* **What is expected**
Transcribe all the lines below exactly. Omit the pictures.

* **Information provided**
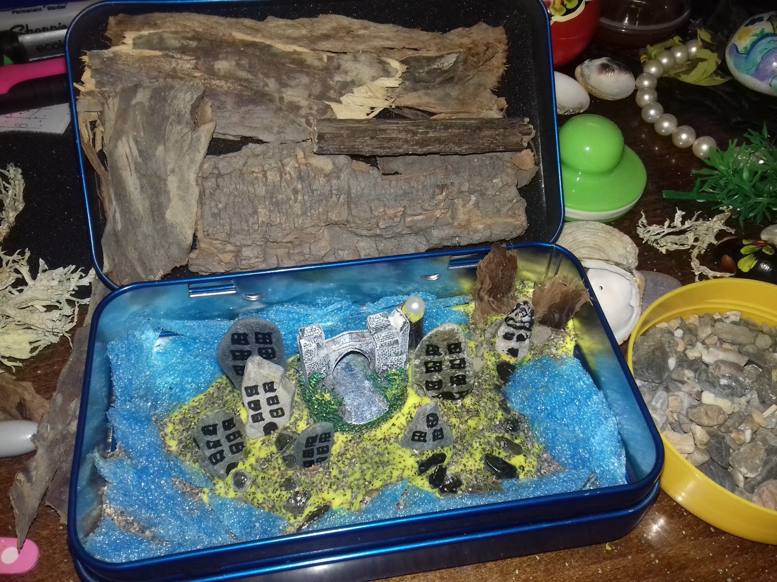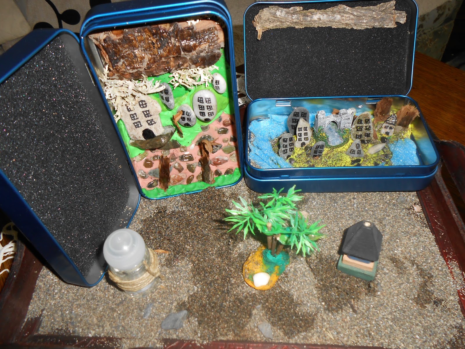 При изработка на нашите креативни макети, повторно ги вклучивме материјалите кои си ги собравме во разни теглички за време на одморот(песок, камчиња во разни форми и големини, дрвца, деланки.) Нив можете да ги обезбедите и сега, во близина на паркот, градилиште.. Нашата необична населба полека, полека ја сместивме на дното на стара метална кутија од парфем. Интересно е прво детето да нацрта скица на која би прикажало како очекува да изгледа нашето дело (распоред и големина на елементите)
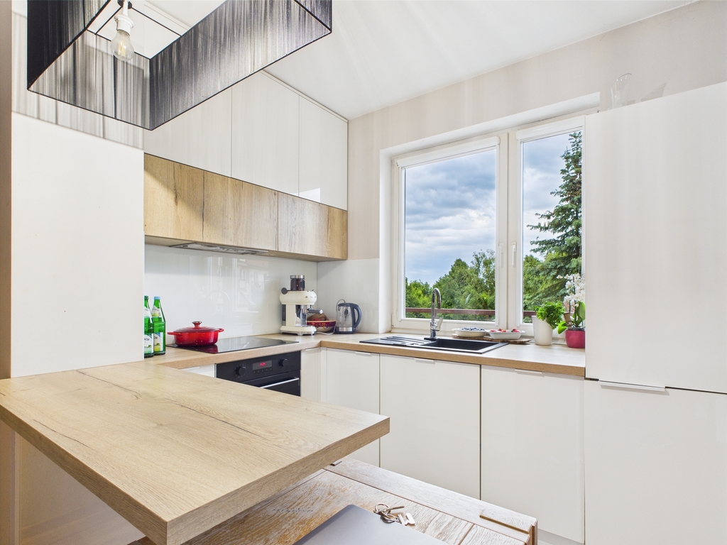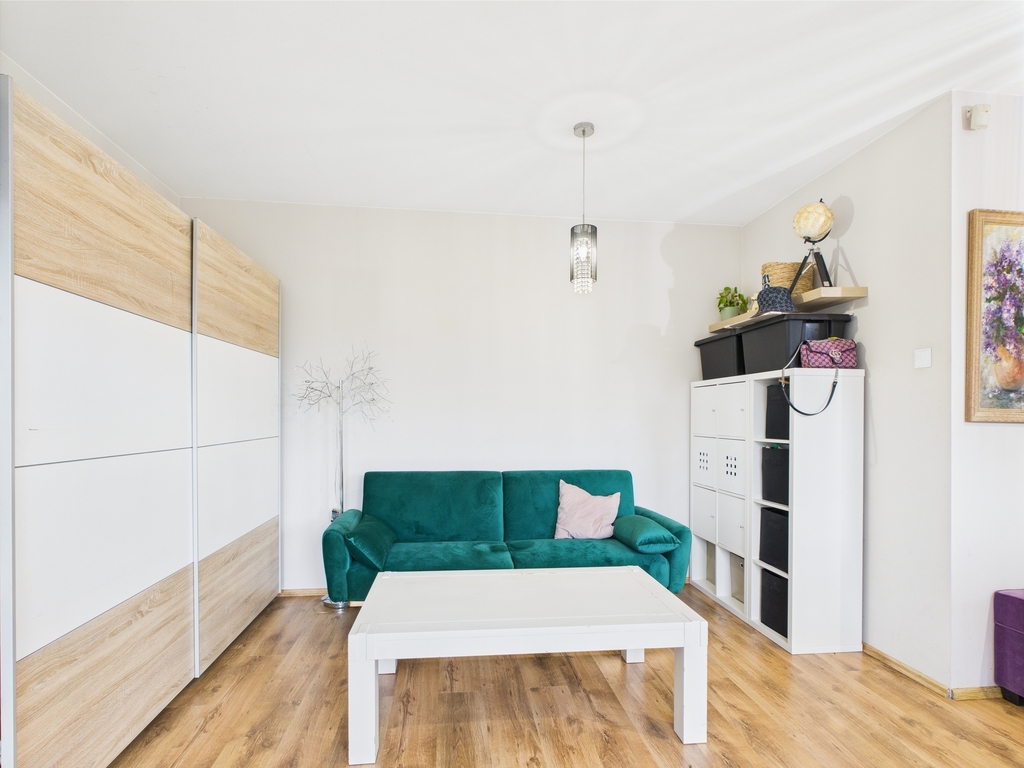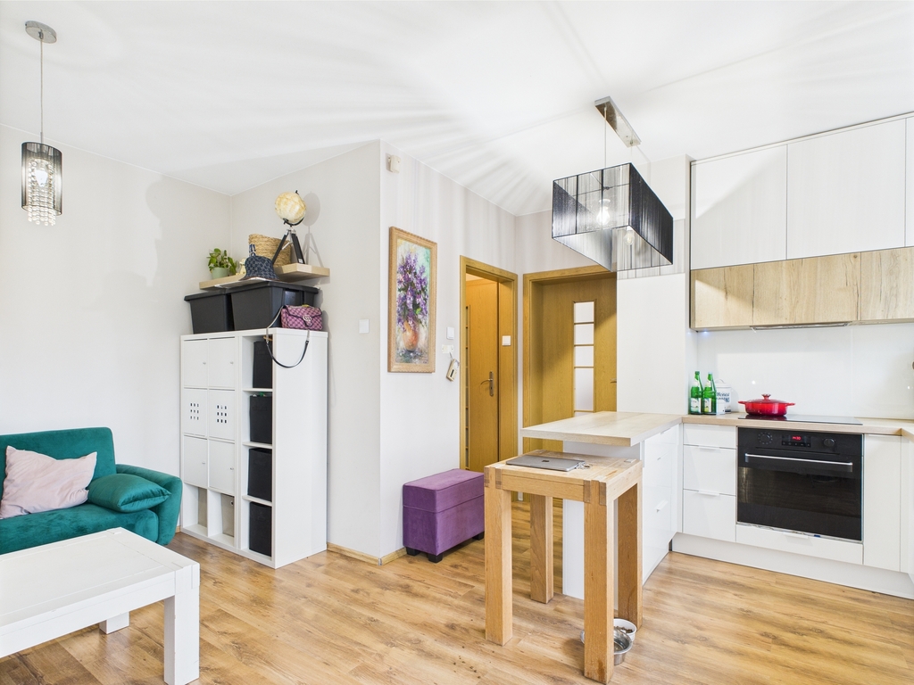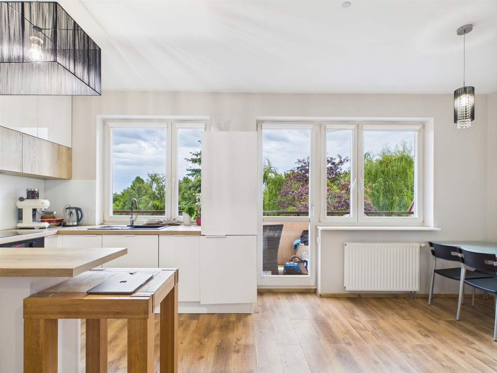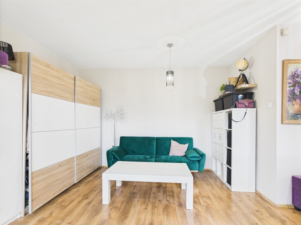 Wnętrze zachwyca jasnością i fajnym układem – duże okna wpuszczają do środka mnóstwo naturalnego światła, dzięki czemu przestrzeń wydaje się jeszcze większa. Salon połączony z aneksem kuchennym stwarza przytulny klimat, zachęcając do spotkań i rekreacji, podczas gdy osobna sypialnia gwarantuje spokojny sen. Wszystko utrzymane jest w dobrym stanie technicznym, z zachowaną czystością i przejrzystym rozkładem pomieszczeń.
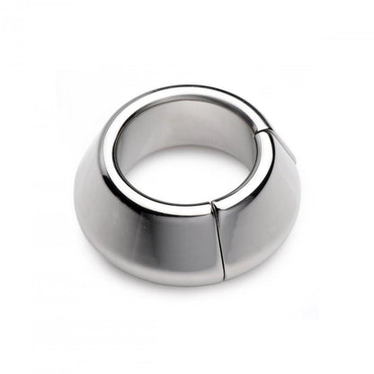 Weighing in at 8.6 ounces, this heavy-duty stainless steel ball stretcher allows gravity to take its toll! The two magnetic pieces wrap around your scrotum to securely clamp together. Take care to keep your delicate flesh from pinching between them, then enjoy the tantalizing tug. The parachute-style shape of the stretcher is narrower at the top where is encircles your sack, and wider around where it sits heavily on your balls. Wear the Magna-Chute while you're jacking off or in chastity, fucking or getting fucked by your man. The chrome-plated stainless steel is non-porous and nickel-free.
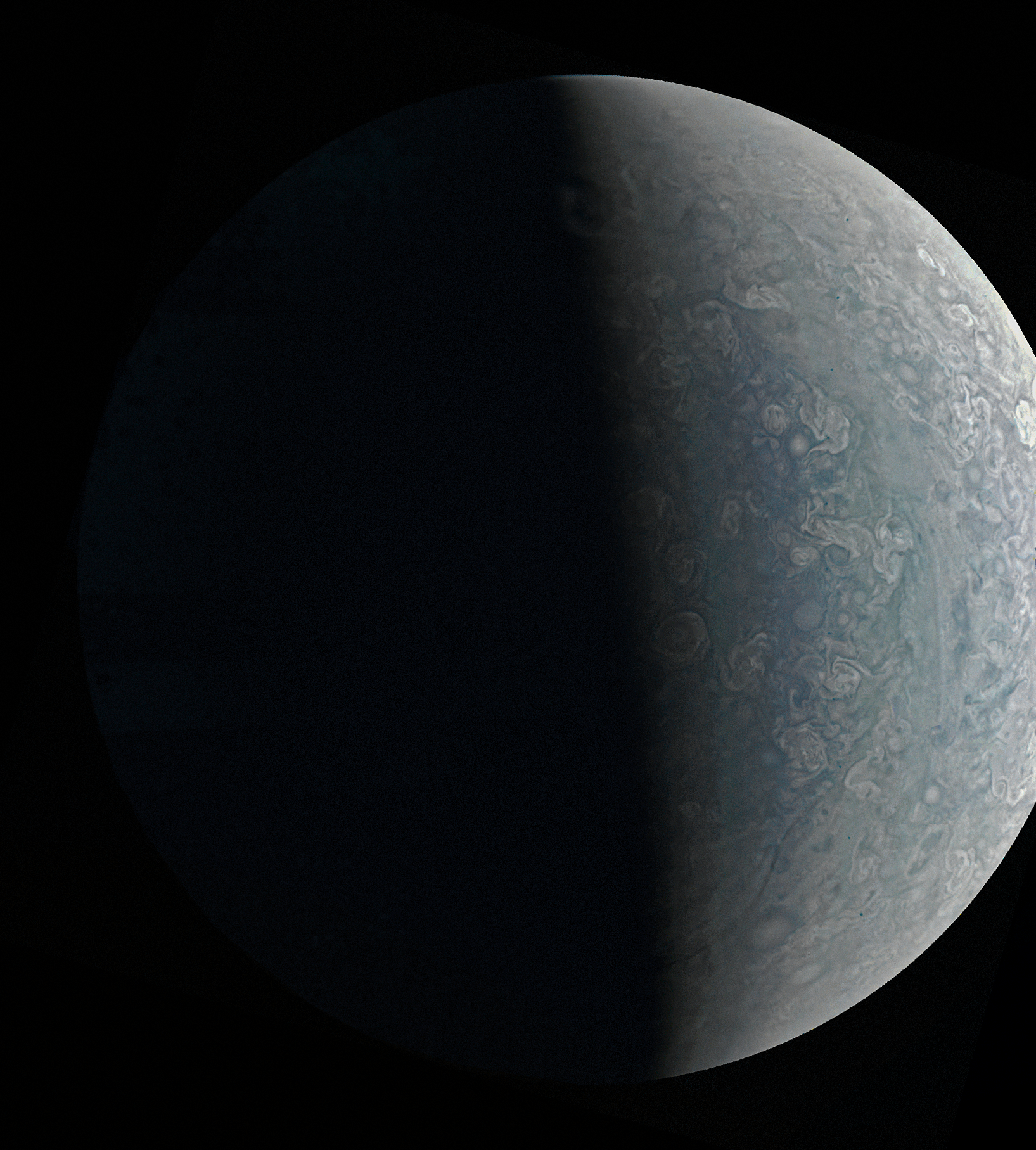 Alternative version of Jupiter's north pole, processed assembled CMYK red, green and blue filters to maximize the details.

* **Reply**
 При изработка на нашите креативни макети, повторно ги вклучивме материјалите кои си ги собравме во разни теглички за време на одморот(песок, камчиња во разни форми и големини, дрвца, деланки.) Нив можете да ги обезбедите и сега, во близина на паркот, градилиште.. Нашата необична населба полека, полека ја сместивме на дното на стара метална кутија од парфем. Интересно е прво детето да нацрта скица на која би прикажало како очекува да изгледа нашето дело (распоред и големина на елементите)
 Wnętrze zachwyca jasnością i fajnym układem – duże okna wpuszczają do środka mnóstwo naturalnego światła, dzięki czemu przestrzeń wydaje się jeszcze większa. Salon połączony z aneksem kuchennym stwarza przytulny klimat, zachęcając do spotkań i rekreacji, podczas gdy osobna sypialnia gwarantuje spokojny sen. Wszystko utrzymane jest w dobrym stanie technicznym, z zachowaną czystością i przejrzystym rozkładem pomieszczeń.
 Weighing in at 8.6 ounces, this heavy-duty stainless steel ball stretcher allows gravity to take its toll! The two magnetic pieces wrap around your scrotum to securely clamp together. Take care to keep your delicate flesh from pinching between them, then enjoy the tantalizing tug. The parachute-style shape of the stretcher is narrower at the top where is encircles your sack, and wider around where it sits heavily on your balls. Wear the Magna-Chute while you're jacking off or in chastity, fucking or getting fucked by your man. The chrome-plated stainless steel is non-porous and nickel-free.
 Alternative version of Jupiter's north pole, processed assembled CMYK red, green and blue filters to maximize the details.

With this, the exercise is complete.